Thus, any data analysis that contains this statement and subsequently uses the result of the sampling process is bound to diverge from this point onward, even if everything else (the data, software, analyst, etc.) remains identical. A way to avoid this divergence is to explicitly initialize the state of its random generator. In R, this can be done by evaluating the set.seed() function with a specific value prior to the random sampling step:

set.seed(seed = 100)  # for reproducible randomness

# Draw a set s of 3 random numbers (from 1 to 10):
(s <- sample(x = 1:10, size = 3, replace = TRUE))
#> [1] 10  7  6
mean(s)
#> [1] 7.666667

Using set.seed() with a seed value of 100 was arbitrary (as we could have used any arbitrary value), but ensures that the three values drawn by sample() (and stored in s) will always be 10, 7, 6. In this example, the lowest number in s turns out to be 6, which implies that the value of mean(s) is rather high (given that we would expect it to approach a value of $\frac{1 + 10}{2} = 5.5$ , if we had obtained large sample of independent draws). By including the set.seed() expression in our code, we essentially were sacrificing true randomness for the sake of transparency.

The example also illustrates that computer code is typically more precise than verbal descriptions. Whereas the phrase “Randomly draw three numbers from 1 to 10” fails to specify whether we could draw the same number repeatedly, the replace = TRUE argument of the sample() command explicates that the authors were thinking about drawing with replacement (even though our actual set s did not include a repeated element of x).

The key point here is not just to always use set.seed() to render randomness reproducible, but to anticipate the effects of all our decisions when analyzing data. When aiming for reproducible research, we need to distance ourselves from our own idiosyncrasies and adopt the perspective of an external reviewer who works through and tries to understand the steps of our analysis.

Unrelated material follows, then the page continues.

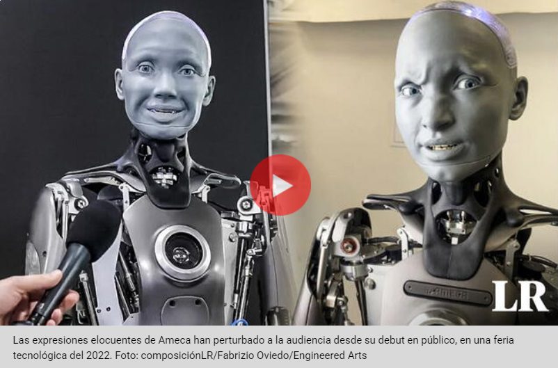 Ameca es un robot humanoide altamente elocuente y diseñado por expertos de Engineered Arts en 2005. Aparte de sus expresiones faciales, que intentan simular gestos humanos —aunque no a la perfección—, ha creado inquietud al abordar temas sobre su propia percepción de la realidad. Al ser interrogada sobre su autocomprensión, los circuitos del autómata dieron la siguiente respuesta:

Thus, reproducible randomness is mostly a mind-set: A willingness for viewing one’s work through the eyes of observers and a commitment to transparency.

1.3.3 R and R Markdown as tools for transparency

The primary tool endorsed for reproducible research in this book is R. Being a free, open-source, and popular language for statistical computing makes R a great candidate tool for reproducible research involving the analysis of data.

More particular tools that greatly facilitates a transparent process of data analysis is the technology of R Markdown and the corresponding rmarkdown package (Allaire et al., 2024), both developed and maintained by the Posit team (formerly RStudio). Advertised as a tool for creating dynamic documents, R Markdown essentially allows to combine text and code into a variety of document types (in combination with other tools, e.g., the knitr package and a range of conversion scripts for different file formats). Rather than providing a long introduction into R Markdown, we will explain its general principle and then link to instructional resources that provide a hands-on experience with this tool.

A tool for literate programming

The general principle of R Markdown is to be as unobtrusive as possible — or, ideally, to become transparent. For illustrative purposes, consider the process of reading. When reading an important message — e.g., one that provides the solution to a vital problem — it does not matter whether it is written on a piece of paper, displayed on a screen, or chiseled in stone. Thus, when focusing on the message, its medium is secondary and usually ignored. By contrast, writing the message in different media requires very different processes.

When creating content for an audience, our goals and tasks typically gravitate around some topic, rather than the technology that we are using to write and transmit our content.¹⁴ Ideally, the technology and tools used in a creative process should disappear, so that we can devote all of our limited attention on the intended message. But fully focusing on content is difficult when the process is cumbersome (e.g., chiseling in stone) or the tools are complicated (e.g., using an unfamiliar software system). The difficulty of using unfamiliar tools mirrors our difficulty of using unfamiliar mental representations (e.g., using a foreign language or solving arithmetic problems in a non-standard notation). The key catalysts for both achieving greater proficiency in thinking and in using technology are the same: We need suitable tools and lots of experience in using them. As the tools used in our environments are typically provided to us (by social contexts like education and culture), our main levers for acquiring proficiency and skills are the selection of tools and practice in using them.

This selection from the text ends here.